WEDNESDAY, Sept. 16 HealthDay News) -- A national tax of 1 cent per ounce of soda and other sugary drinks could stem the United States' obesity epidemic, while generating $14.9 billion the first year alone, health experts say.
That windfall could help finance proposed health care reform, while also funding programs to prevent obesity, say a group of prominent researchers in an article in the Sept. 17 issue of the New England Journal of Medicine.
The authors believe such a tax would deter people from buying non-nutritious sweet drinks, thereby helping Americans to lose weight and reduce their health risks.

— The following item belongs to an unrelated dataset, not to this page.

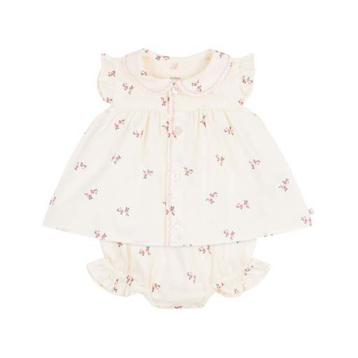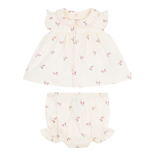 Alle gegevens bekijkenPetit Bateau - Tweedelig katoenen babysetje met een bloesje en een pofbroekje met bloemenprint
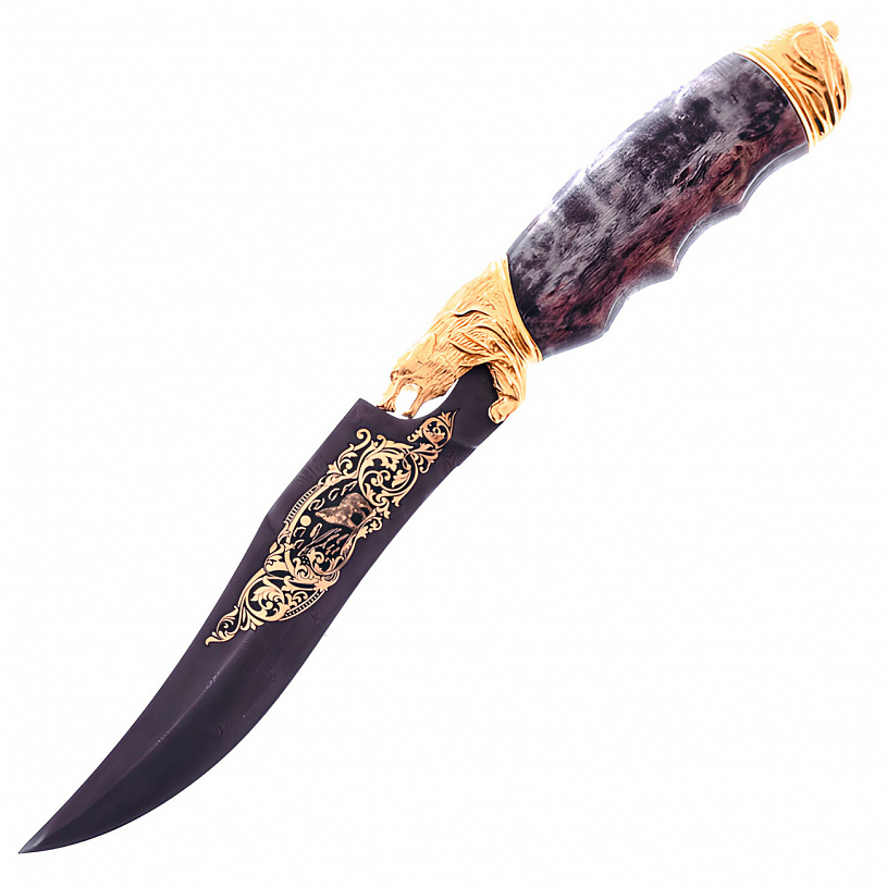 Нож “Волк” златоуст был создан из самой красивой стали в мире. Узоры, украшающие клинок изделия, нельзя увидеть ни на каком другом материале. Дамасская сталь удивительный сплав, из него получаются острые, крепкие и долговечные ножи.

The United States spends some $147 billion -- 9 percent of all health care expenditures -- on medical costs associated with overweight and obesity, the article states.
For consumers, the tax they suggest would increase the cost of a 20-ounce soft drink by 15 to 20 percent and lead to a minimum reduction of 20 calories a day per person from sweetened beverages. The revenue collected would benefit individual states and the federal government.
"There are certain products which make a strong contribution to the obesity epidemic while, conversely, there is no plausible public health benefit [from them]," noted Dr. David Ludwig, senior author of the paper and associate professor of pediatrics at Harvard Medical School.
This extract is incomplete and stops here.